(TASK INSTRUCTIONS): Output, exactly as written, the lines below starting at the line containing "Schwere Gardinen an" and ending at the line containing "ultra wide shot, camera". Drop the pictures and keep both end lines.

(TASK MATERIAL):
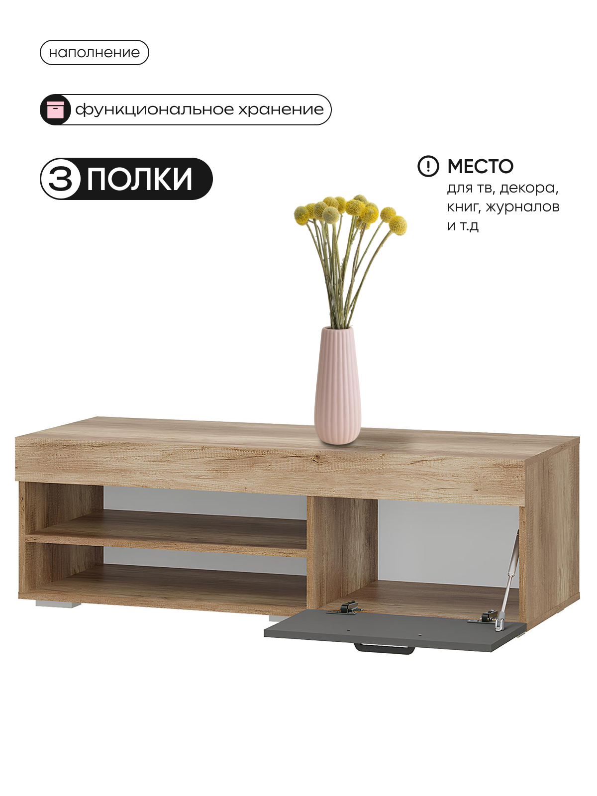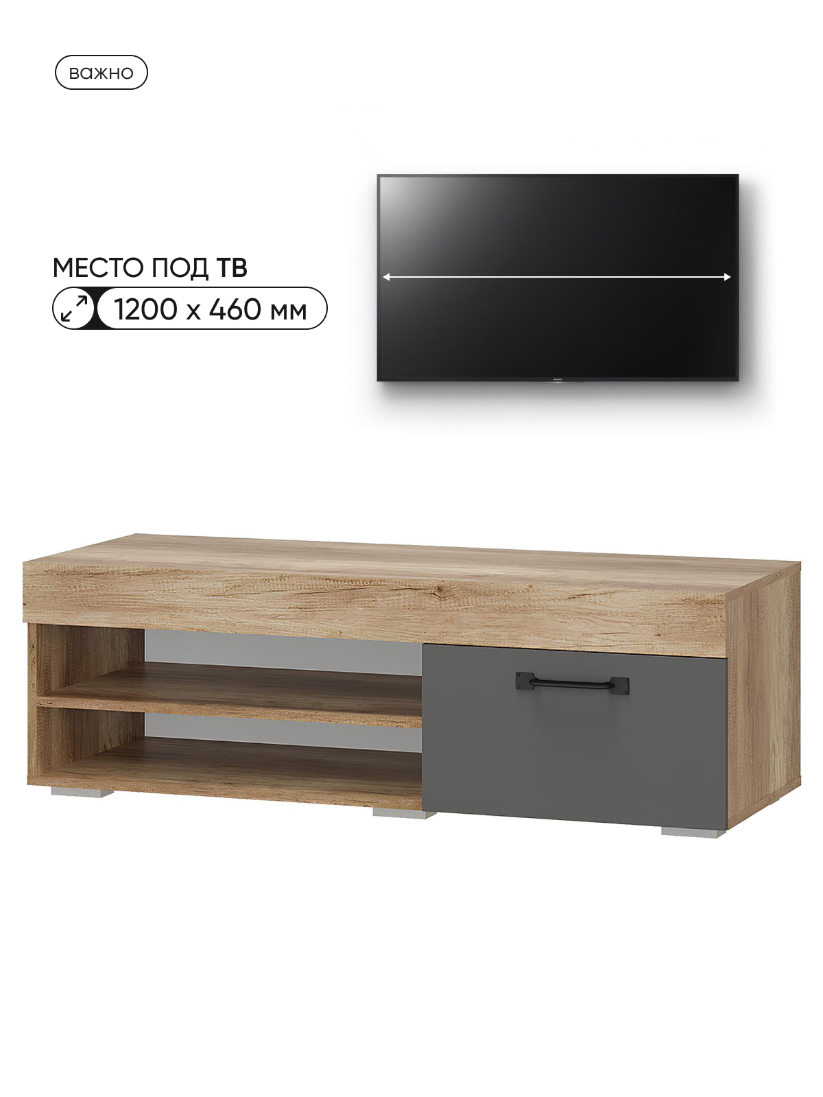Тумба под ТВ БТС МЕБЕЛЬ "Прима", дуб каньон, графит, 120 x 46 x 120см интересное:
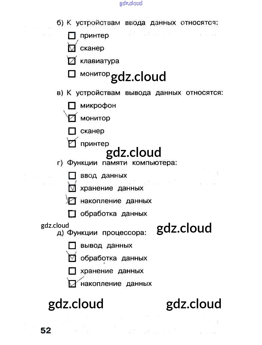 Ответ на задание стр.52 Рабочая тетрадь Информатика за 3 (третий) класс Матвеева, Челак, Конопатова, Панкратова, Нурова 2017 Часть 1, 2
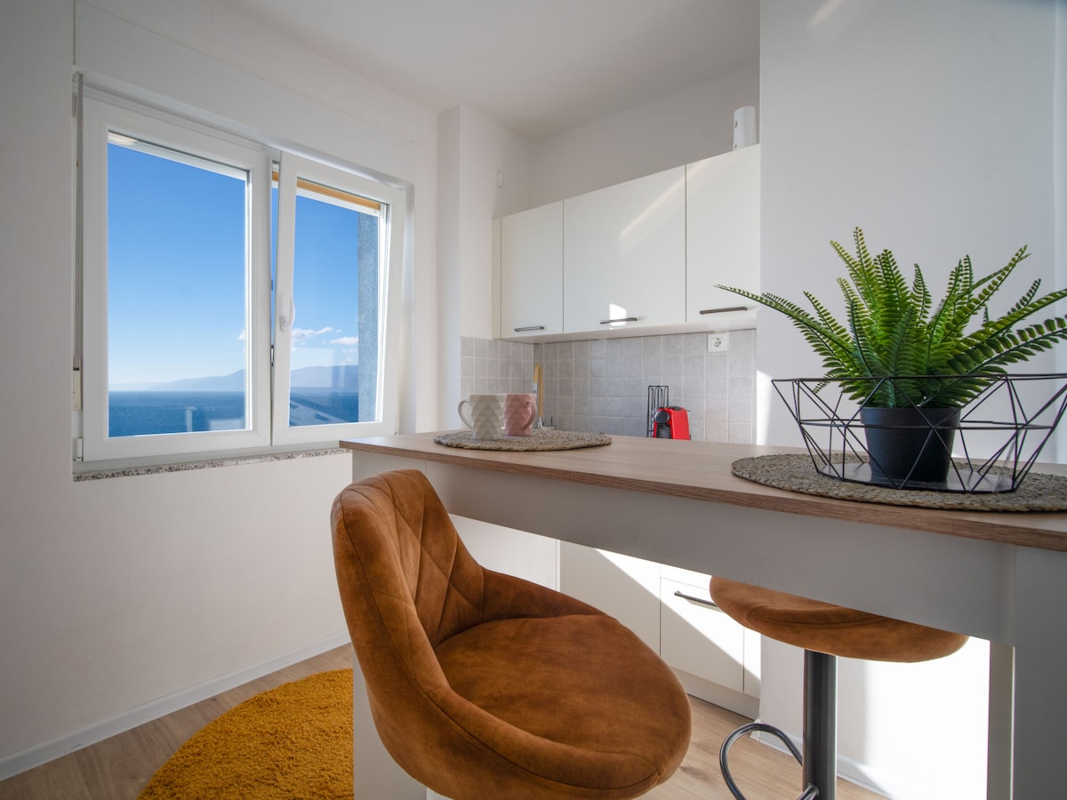 Boravak u lijepom apartmanu pruža vam jedinstven odmor zbog svoje lokacije jer je smješten prvi red do mora i omogućuje vam kupanje i uživanje direktno iz apartmana. U neposrednoj blizini nalaze se restoran i kaffe bar gdje se možete osvježiti. Lokacija je idealna jer ste za 8 km u predivnoj Opatiji, od centra grada Rijeke apartman je udaljen 5,6 km, od Trsata 9 km, a od predivnog otoka Krka 34 km. Također možete posjetiti i kuću Halubajskog zvončara na Viškovu,koja je udaljena svega 10 km.
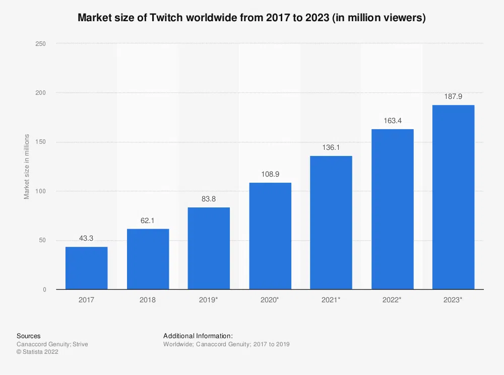Основным драйвером этого роста будет способность Twitch захватить большую долю растущего рынка киберспорта. За последние несколько лет аудитория киберспорта неуклонно росла, и только в 600 году она составила около 2020 миллионов зрителей.
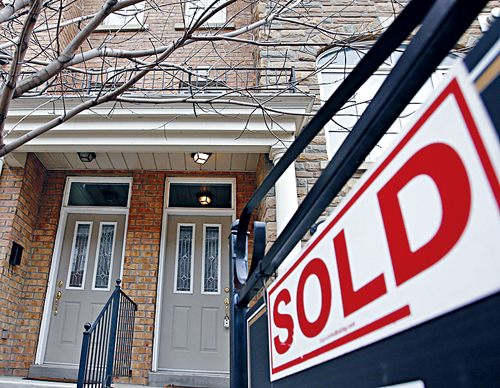 A sold sign is displayed in front of a house in Toronto in this December 15, 2009 file photo. Experts ranging from Fitch Ratings and Morningstar to the International Monetary Fund and economist Paul Krugman have warned about the risks of the housing boom in Canada, where the average home price has doubled in 11 years. REUTERS/Mike Cassese/Files (CANADA - Tags: REAL ESTATE BUSINESS POLITICS)[/caption]
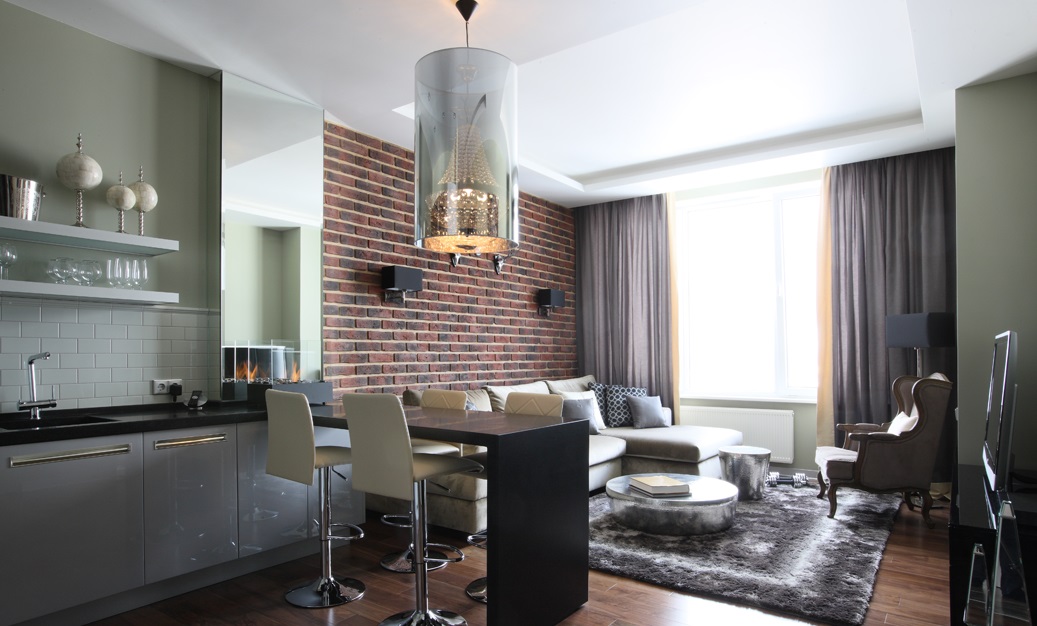 Schwere Gardinen an den Fenstern sind farblich abgestimmt mit Imitation des Kamins und Gravuren an groben Ziegelwänden. Der Küchenbereich kann in einem praktischen "Techno" -Stil hergestellt werden, der am praktischsten ist, um Sauberkeit zu gewährleisten. Der Schlafbereich in einer solchen Wohnung wirkt meist sehr elegant, in sanften Pastelltönen gehalten und bringt romantische Träume. Das Brautpaar wird diesen Stil wählen und die Individualität jedes Einzelnen unterstreichen.
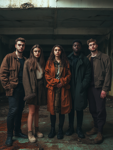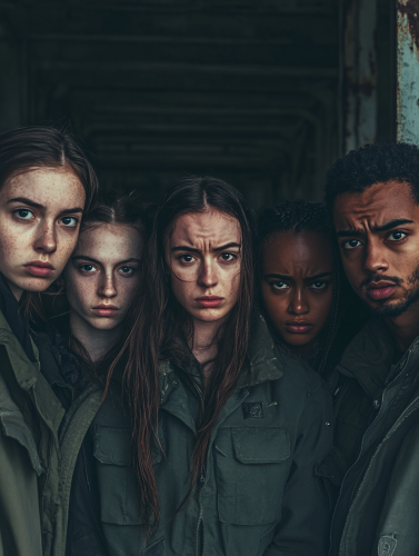ultra wide shot, camera is far away, full bodies are in shot, a row of five people, they look slightly scared, of various genders and ethnicities, all stood next to each other in a row facing the camera, the lighting is fairly dark so their faces are not clear, the setting is an abandoned army barracks on a stormy british island, hyper realistic, ultra realistic, photoreal, dark, spooky, 4k, 8k, --ar 3:4
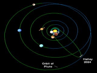 The document discusses celestial objects, including stars, planets, and satellites, providing detailed information about their characteristics and movements. It explains the solar system's structure, including the eight planets and their key features, as well as the nature of moons, comets, asteroids, and artificial satellites. Additionally, it describes important constellations and the significance of light years in measuring distances in space.

(EXERCISE RESPONSE):
 Schwere Gardinen an den Fenstern sind farblich abgestimmt mit Imitation des Kamins und Gravuren an groben Ziegelwänden. Der Küchenbereich kann in einem praktischen "Techno" -Stil hergestellt werden, der am praktischsten ist, um Sauberkeit zu gewährleisten. Der Schlafbereich in einer solchen Wohnung wirkt meist sehr elegant, in sanften Pastelltönen gehalten und bringt romantische Träume. Das Brautpaar wird diesen Stil wählen und die Individualität jedes Einzelnen unterstreichen.
ultra wide shot, camera is far away, full bodies are in shot, a row of five people, they look slightly scared, of various genders and ethnicities, all stood next to each other in a row facing the camera, the lighting is fairly dark so their faces are not clear, the setting is an abandoned army barracks on a stormy british island, hyper realistic, ultra realistic, photoreal, dark, spooky, 4k, 8k, --ar 3:4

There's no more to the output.